If the employee's overall length of employment is up to five years, they will be eligible for the unemployment insurance benefit for up to 180 calendar days. If the employee's overall employment length is 5-10 years, they will be eligible for the unemployment insurance benefit for up to 270 calendar days. If the employee's overall length of employment is more than ten years, they will be eligible for the unemployment insurance benefit for up to 360 calendar days.

Pregnancy

Employers must provide suitable working conditions and facilities for pregnant or breastfeeding women. Based on a doctor's sick leave certificate, pregnant women may temporarily request work appropriate to their medical status.

Employers must allow pregnant women time off for ante-natal examinations at times prescribed by a doctor. Overtime and relocation cannot be required of pregnant women, employees who are entitled to pregnancy and maternity leave or raising a child under three.

Job security

Union

Anyone has the right to establish a trade union freely and without prior permission, and to join a trade union or obtain from doing so. At least five employees may found a trade union. Members of the armed forces in active service in the Defence Forces are not permitted to establish or join trade unions.
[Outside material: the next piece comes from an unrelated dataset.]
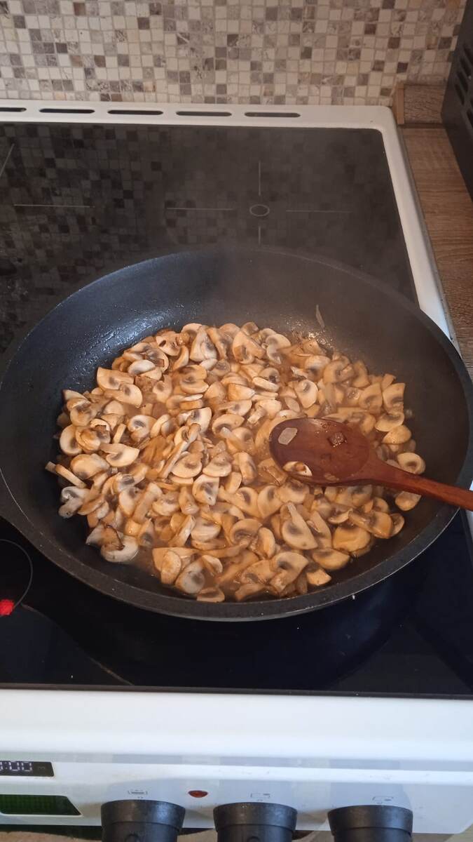 У меня дома всегда есть фарш, ведь я знаю и умею готовить из него множество блюд! Например, вот такие гнезда с грибами. Готовить их очень быстро, а получаются они очень вкусными! Да, кажется, что они занимают много времени, но на самом деле подготовка быстрая, а пока жарятся грибы, замешивается фарш. Попробуйте, и они станут вашим любимым вариантом ужина. Для них нужно: Для начала нужно помыть и мелко нарезать шампиньоны. У меня дома всегда есть уже подготовленные грибы, я их замораживаю. Затем нужно мелко нашинковать лук и обжарить на растительном масле с грибами Затем к грибам с луком добавить соль и сметану. Хорошо перемешать и снять с огня. Фарш разморозить, добавить к нему яйцо, майонез, соль, приправу и чеснок через чеснокодавку. Хорошо перемешать. Противень застелить пергаментом, выложить фарш в виде гнезд и заполнить грибами. У меня на этот объем продуктов получается шесть гнезд. Сверху присыпать сыром, на тертым на терке. Запекать гнезда в духовке при 180° до золотистого
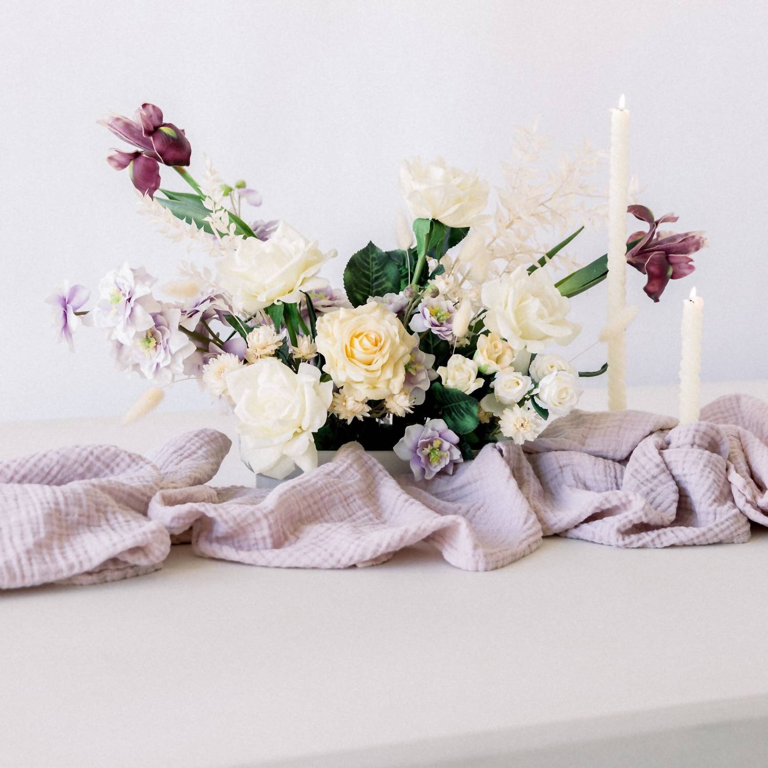 Introducing the Organic Cotton Runner by borrowed BLU, a sophisticated piece crafted from 100% organic cotton in a serene Misty Lilac hue. Designed exclusively by borrowed BLU, this runner measures a generous 156” x 22”, making it a standout addition to any table setting. For care, machine wash on a delicate cycle with cold or warm water, and tumble dry on low. Note that initial washing may cause temporary shrinkage; simply lay and gently flatten to restore its original size.

Employees are entitled to join the trade union of their workplace or any other trade union. Employees can act as the elected representative of a trade union. 

Redundancy 

The employer has the right to terminate the employment contract for economic reasons /due to redundancy in case of any cessation of work (e.g. due to decrease in the work volume or reorganisation of work; in case of liquidation or bankruptcy of the employer). Employers must consult with their employees before any collective dismissals take effect, intending to find ways of avoiding or reducing the number of dismissals. 
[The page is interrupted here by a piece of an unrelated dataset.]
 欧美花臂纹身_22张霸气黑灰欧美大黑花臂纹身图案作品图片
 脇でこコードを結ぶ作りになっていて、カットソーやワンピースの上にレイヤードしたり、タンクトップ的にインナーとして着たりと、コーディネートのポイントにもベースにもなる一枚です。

Collective redundancy rules would apply if, within 30 calendar days, the employer terminated the employment contract due to redundancy of at least:

  • Five employees in an enterprise employing up to 19 employees in total,
  • Ten employees in an enterprise employing 20–99 employees in total;
  • 10% of the employees in an enterprise employing 100–299 employees in total;
  • Thirty employees in an enterprise employing at least 300 employees in total.

The term "within 30 calendar days" means the end date of the employment relationships, i.e. it does not depend on when the termination letters are given to the employees – as the notice period may vary from employee to employee. Consultation includes providing relevant information on the potential dismissals to employees or employee representatives (where the affected employees are absent) and the Unemployment Insurance Fund.

Pregnant employees, employees raising children under three years old and employee representatives (incl. elected employees' trustees, elected trade union trustees, work environment specialists, etc.) have preferential right to remain at work in case of redundancy. The employer will have to justify the employment termination (i.e. it is presumed that the employment termination was done for these reasons if the employer does not show other reasons).